Privacy-safe historian ingestion
Packs can author a dphe block that points at a customer historian (CSV / Parquet / OSIsoft PI JSON). The engine sanitises summary statistics under Gaussian mechanism with Rényi-DP accounting; the (ε, δ) budget and per-signal sensitivities travel with the run as privacy_evidence.json. Raw rows never leave the ingest boundary.
options = {
"description": "WWTP aeration basin with 8 process signals",
"dphe": {
"enabled": True,
"historian_source": "s3://tenant-uploads/plant_a/q1.parquet",
"epsilon": 1.0,
"delta": 1e-6,
"signals": [
{"signal_name": "flow_inlet_m3h", "sensitivity": 50.0},
{"signal_name": "do_reactor_mgL", "sensitivity": 1.5},
# ...
],
},
}Federated multi-site aggregation is available via kind="simulate", engine="federated_dphe". Each site runs under its own ε budget; Dwork-Roth post-processing keeps the federated ε = max(per-site ε), not the sum. Supported aggregation backends: mpc (three-server additive secret sharing), tee (SGX / SEV / Nitro), trusted.
Live streaming (SSE)
Subscribe to a running job via Server-Sent Events on /v1/client/runs/{run_id}/stream. Frame kinds: telemetry, command, alarm, attack_step, defense_alert, heartbeat, close.
curl -N \ -H "Authorization: Bearer $RADMAH_API_KEY" \ "https://api.radmah.ai/v1/client/runs/$RUN_ID/stream" # Reconnect with ring-buffer replay: curl -N -H "Authorization: Bearer $RADMAH_API_KEY" \ "https://api.radmah.ai/v1/client/runs/$RUN_ID/stream?replay_history=true"
Deep-dive references
- Engine architecture — three-tier dispatch, a broad library of building blocks, and the determinism guarantee.
- Bundle contents — every artifact the customer receives, its format, and how to download it through the SDK.
- Commands stream — row schema, the four
write_sourceroles, baseline cadences, and a worked customer example. - Validation Gate — the four scoring dimensions (schedule, protocol, physics, label), their thresholds, and the structural checks that block degraded data from release.

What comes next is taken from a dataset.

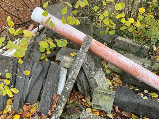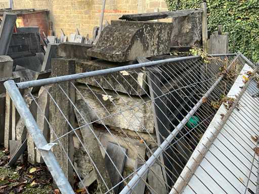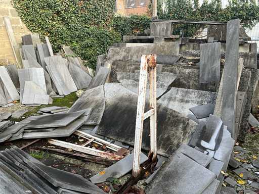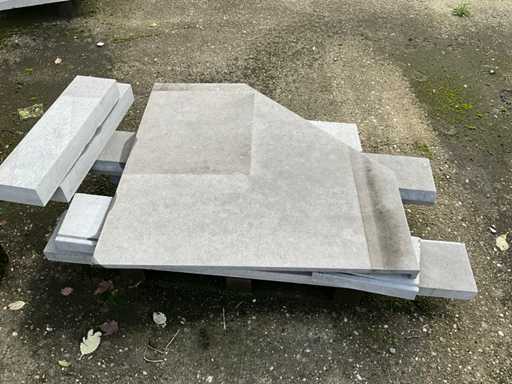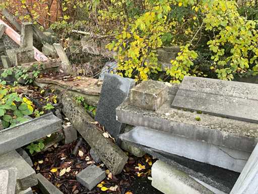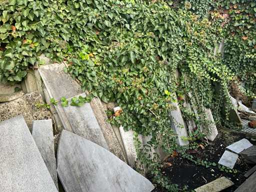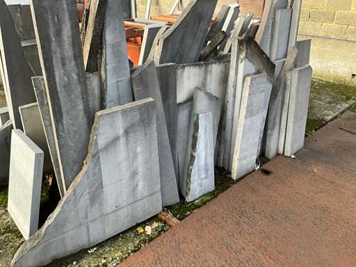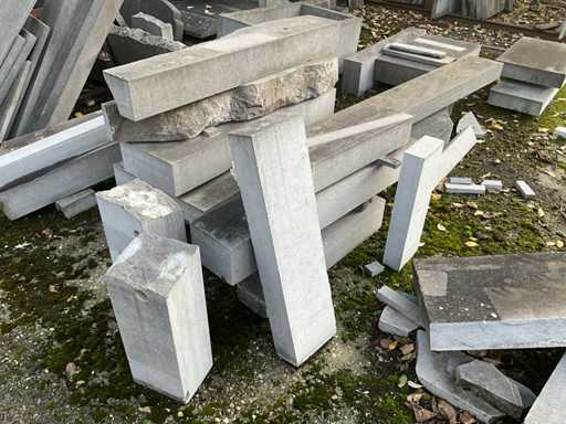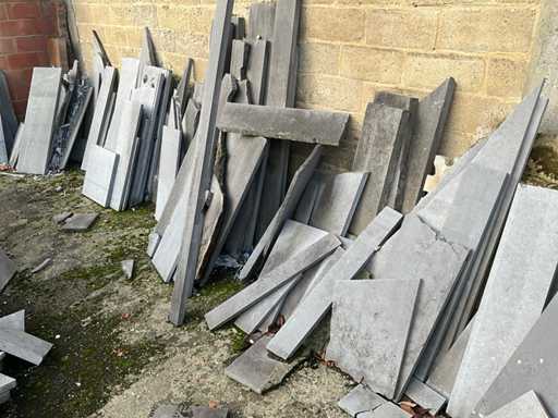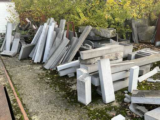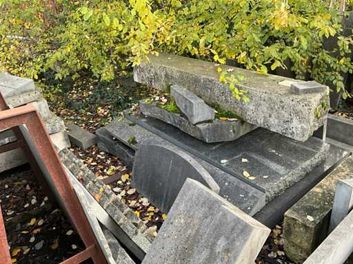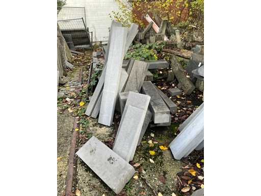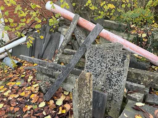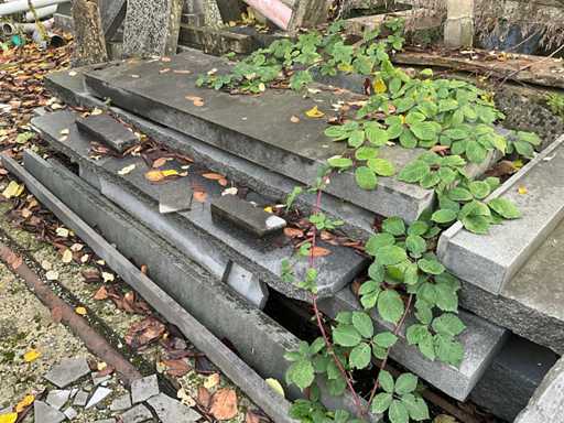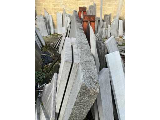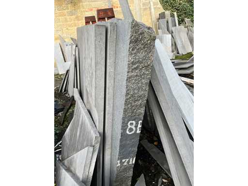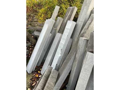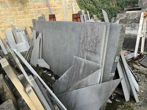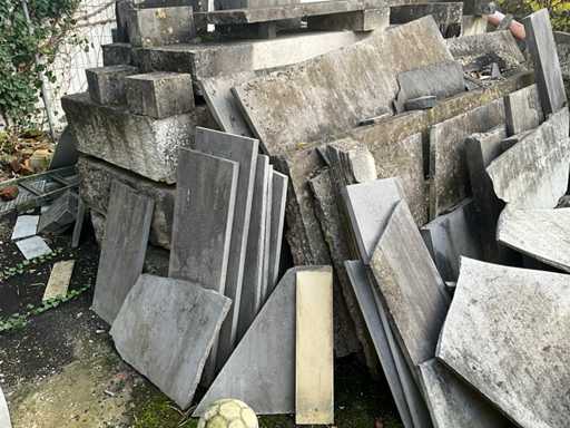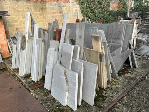 divers natuursteen in diverse afmetingen waaronder blauwsteen, blauwsteenplaat met afmeting:310x130x10cm, compleet met 3x metalen bok, afgifte volgens aanwijzing

- Protocol reference — Modbus TCP, OPC-UA, BACnet/IP, MQTT, DNP3, and IEC 61850 stack details, default port map, and address conventions.
- ICS Security overlay — how MITRE ATT&CK ICS techniques layer onto a Virtual-SCADA run to produce labelled attack evidence for SOC / IDS training.
Quickstart
from radmah_sdk import RadMah
sdk = RadMah(api_key="...", base_url="https://api.radmah.ai")
job = sdk.jobs.create(
kind="simulate",
engine="virtual_scada",
seed=42,
options={
"description": (
"11 kV distribution substation with two protective relays, "
"one RTU, one breaker, and a metering panel"
),
"total_seconds": 120,
"protocols": ["iec61850", "dnp3", "modbus"],
},
)
# Poll until job.state == "succeeded", then:
artifacts = sdk.list_artifacts(job.id)
for art in artifacts:
body = sdk.download_artifact(job.id, art.id)
open(art.name, "wb").write(body if isinstance(body, bytes) else body.encode())Enterprise tier
Enterprise deployments get container-isolated Virtual PLC simulation with Docker isolation, real-time-capable Linux scheduling, and live OT protocol servers on deterministic ports — suitable for true hardware-in-the-loop IDS realism. See Deployment Models.